Students specifically expressed concern with the economics and political science departments. Sarah West, chair of the economics department, wrote in an email to The Mac Weekly that the department is committed to creating learning environments in which all students thrive. On the advice of an economics faculty member, economics professors were instructed to leave the classroom to make space for discussion.
Faculty in the political science department met twice on the Thursday following the sit-in to plan and reflect on their department’s classroom responses.
“To my knowledge, all members of the department addressed Wednesday’s events last Thursday and Friday, revised their syllabi to provide space for a wellness day this Friday, and are approaching their students with flexibility and compassion,” Lesley Lavery, the chair of the political science department, wrote in an email to The Mac Weekly. “We are working to develop additional opportunities for and channels of communication and support.”
In an email to the student body on Wednesday, Rivera and Anderson-Levy announced three upcoming events to hold space for conversations surrounding concerns raised at the sit-in. A listening session for international students specifically will be held on Nov. 15. Two other events will be open to all members of the campus community — a Nov. 18 webinar on fundraising and a Dec. 2 forum “with the goal of hearing about student concerns and exploring potential next steps.”
Bergen Schmidt contributed to reporting for this story.
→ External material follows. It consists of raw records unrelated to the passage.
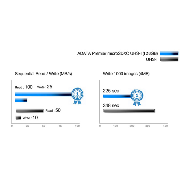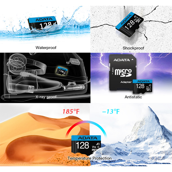 Take care of your customers' high-quality recording, data storage, and more with ADATA's 128GB Premier MicroSDHC/SDXC UHS-I Class 10 V10 A1 Memory Card with Adapter! ADATA's 128GB Premier MicroSDHC/SDXC UHS-I Class 10 V10 A1 Memory Card with Adapter provides read speeds for your customers of up to 100MB per second for rapid file transfers. Featuring a Class 10 performance rating, the 128GB Premier MicroSDHC/SDXC UHS-I Class 10 V10 A1 Memory Card enables uninterrupted, high-quality recording of Full HD video on smartphones and tablets. It also meets the A1 standard for quicker and smoother execution of APPs. Being V10 (Video Speed Class) qualified, they can record up to 10MB of video per second. Backed by solid multi-point protection, the 128GB Premier MicroSDHC/SDXC UHS-I Class 10 V10 A1 Memory Card allow your customers to easily record and store their memories! Additionally, the memory card comes with an SD adapter that allows it to be used on various devices. ADATA offers an extended lifetime warranty for the 128GB Premier MicroSDHC/SDXC UHS-I Class 10 V10 A1 Memory Card with Adapter, ensuring the best quality, performance, and customer satisfaction. Features: Stores Over 65,500 Songs, 63,000 High-Resolution Photos, Or Other Digital Data. Rapid Data Transfer Up To 100MB/s Supports Full HD Video Recording A1 Qualified Faster App Performance Multiple Device Compatibility High Durability Supports Error Correcting Code ( ECC ) Prevents Corruption & Data Loss Built-In Write-Protection Switch Lifetime Warranty
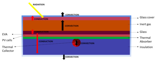 Conceptualization of the layers of a PVT panel and the different forms of heat transfer inside it.
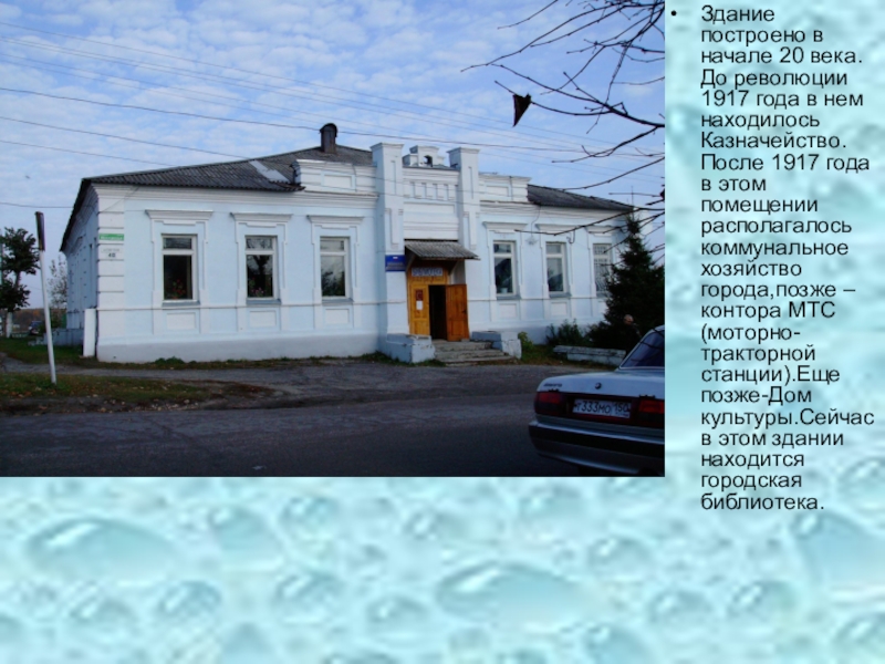 находилось Казначейство.После 1917 года в этом помещении располагалось коммунальное хозяйство города,позже –контора МТС(моторно-тракторной станции).Еще позже-Дом культуры.Сейчас в этом здании находится городская библиотека.
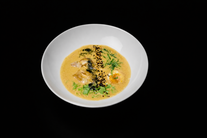 Бульон рамен, лапша удон, тахини, салат романо, куриное бедро, лук зеленый, маринованное яйцо, микс водорослей, кунжут ким-чи.
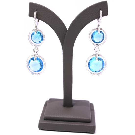 The semi-precious stones in clear blue color will bring you a peaceful feeling. The stones look exceptionally gorgeous with the glittering silvery settings and loose diamonds. Refresh your look with this glamorous earrings.
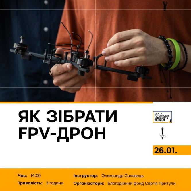 Другий тренінг — «Як зібрати FPV-дрон». Він розпочнеться о 14.00. Програма заняття включає такі теми:
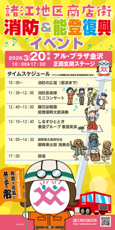 石川イベント金沢開催 [3/20]諸江地区商店街『消防&能登復興イベント』及び『能登を元気に!共に歩む市第三弾』がアルプラザ金沢で開催(金沢) 輪島朝市組合、御陣乗太鼓保存会、諸江地区商店街、アル・プラザ金沢、コラボレーション企画!『消防&能登復興イベント』と『能... 2026.03.16 石川イベント金沢開催
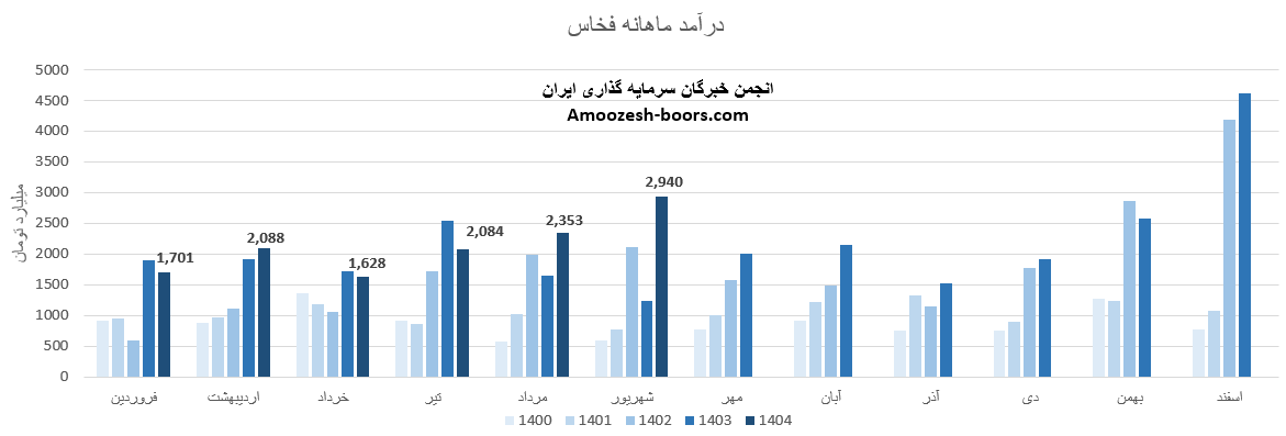 گزارش فعالیت ماهانه نماد فخاس در خرداد ماه سال 1404 نشان میدهد که این شرکت در این بازه زمانی توانسته است به درآمد 1628.5 میلیارد تومان دست یابد، این رقم نسبت به ماه مشابه سال گذشته 5 درصد کاهش داشته است؛ همچنین در مقایسه با ماه گذشته و متوسط ماهانه به ترتیب تغییر 22- و -14 درصد داشته است.

Rachel Weeks • Nov 12, 2021 at 10:09 am
While I appreciate the Mac Daily’s continuing coverage of the student protest on Nov. 3, I am disappointed in this article for its failure to fully recognize the contributions of staff — both that day and after. I was (physically) present in Kagin from 9:30am – 2:10pm on Nov. 3. As a fellow staff member, the words of DeResha Vaughan, Administrative Coordinator for the Laurie Hamre Center, were particularly striking: DeResha named the culture of silence imposed on staff due to the rigid hierarchical structure of Macalester, how that structure and the people within it actively and passively uphold white supremacy, and how we see it firsthand but are constantly reminded that it’s best to stay quiet. She opened by saying she is not a public speaker, and concluded by saying that although this is uncomfortable, she is not willing to stay silent anymore (I’m paraphrasing here). I know from conversation with colleagues that I’m not the only one who found those words deeply resonant and galvanizing. If DeResha has not yet been contacted for comment, I sincerely hope the glaring omission is remedied in future articles.
Furthermore, the Unlearning White Supremacy meeting on Friday, Nov. 5 was primarily attended, at least in person at the Chapel, by students and staff. Athletics, Institutional Research, Admissions, the Civic Engagement Center, and even the High Winds Fund were all represented in the Chapel alone (I won’t speak to the online space, since I wasn’t there). Isabel Nelson, Logan Schrader, Jace Riggin, Eily Marlow, and many other members of *staff* dedicate countless hours to ensuring the group’s continual evolution and progression on campus. Yes, students and faculty contribute greatly and the space wouldn’t be what it is in their absence, but without the immense mental and emotional labor of staff, this group’s important work would likely grind to a halt (kind of like the rest of what happens outside the classroom at Mac).